Pitched battles between protesters and police inside and outside disrupted and delayed for several hours the Congress ratifying the Electoral College vote that made Joe Biden the 46th president. Members of Congress and their staffs were forced into hiding. Five people, including two Capitol Hill police officers, died in the riot. Congressional offices and the Capitol Rotunda were vandalized.

Conviction in the impeachment trial requires a vote by two-thirds of the senators present. If convicted, a second vote, to bar Trump from again holding public office, would require only a majority of the senators present.
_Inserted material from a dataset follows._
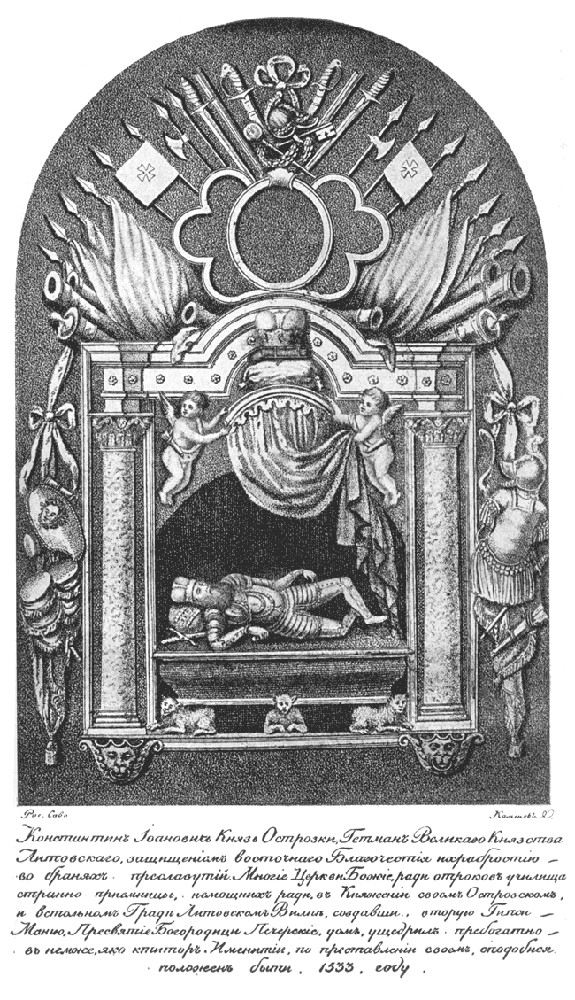 Надгробный памятник и надпись на захоронении князя Константина Ивановича Острожского

Bruce Castor, former district attorney for Montgomery County. (Matt Rourke/AP, file)

Schoen and Bruce L. Castor, Jr., a former Montgomery County, Pa. district attorney, became Trump’s attorneys after a team of five attorneys withdrew Jan. 30. That split was said to have been a mutual decision, though there were reports of differences in how the defense would be conducted and its expense.

Trump reportedly wanted his previous attorneys to base their case on his claims of voting fraud, rather than the constitutional issue of whether a president can be convicted after leaving office. Schoen has said that Trump has not pressured him to focus the case on voter fraud.
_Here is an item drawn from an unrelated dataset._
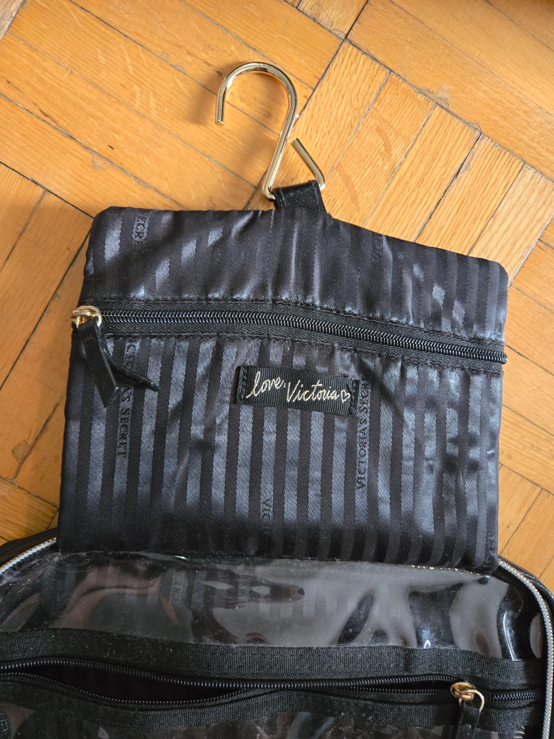 Three black Victoria's Secret travel bags. One features a pink laser-cut design. Another has a hanging hook and multiple compartments. The third is solid black with a top handle.

In an 80-page brief, the House impeachment managers said that Trump was “singularly responsible” for the events of Jan. 6, having created a “frenzy” among his supporters.

In their 14-page response, Schoen and Castor argued that the trial itself is unconstitutional and that Trump’s speech at the rally was protected by the First Amendment. “I believe it is completely unconstitutional to conduct an impeachment trial for a former government official, now a private citizen,” Schoen told the AJT.

Just days before the start of the trial, “I see absolutely nothing good coming of it for anyone,” Schoen told the AJT. “It certainly is not really about ascertaining facts or they would actually have conducted an investigation before rising to judgment in the House. Now more and more evidence appears to be coming out showing pre-planning of the riot and making it clear that it was not incited by former President Trump’s speech.”

President Donald J. Trump was impeached Jan. 13 on a charge of inciting insurrection on the Capitol a week earlier.

When writing about Schoen, the national press has focused on his previous clients, among them Trump friend Roger Stone, and on Schoen’s having met with Jeffrey Epstein days before the accused sex offender was found dead in his New York City jail cell.

The Jewish press has taken note that Schoen is an Orthodox Jew who worships at Congregation Beth Jacob and Congregation Ohr HaTorah.

In 2018, Schoen gave the AJT this self-description: “On many social and domestic issues, I am characterized as being on the left; on issues involving Israel, I am characterized as being on the right. My position on all issues is based on principles that I can defend using my understanding of the Constitution.”

The 62-year-old Schoen holds a master of law degree from Columbia University and a juris doctorate from Boston College, and serves as chair of the American Bar Association’s Criminal Justice Subcommittee of the Civil Rights Litigation Committee.

Schoen was honored in 1995 by the ABA for his pro bono work in civil rights cases, primarily in the South. He also has represented the families of terrorism victims in litigation against the Palestine Liberation Organization.

In September, Schoen told the AJT’s Marcia Caller Jaffe: “I represented all sorts of reputed mobster figures: alleged head of Russian mafia in this country, Israeli mafia and two Italian bosses, as well as a guy the government claimed was the biggest mafioso in the world.”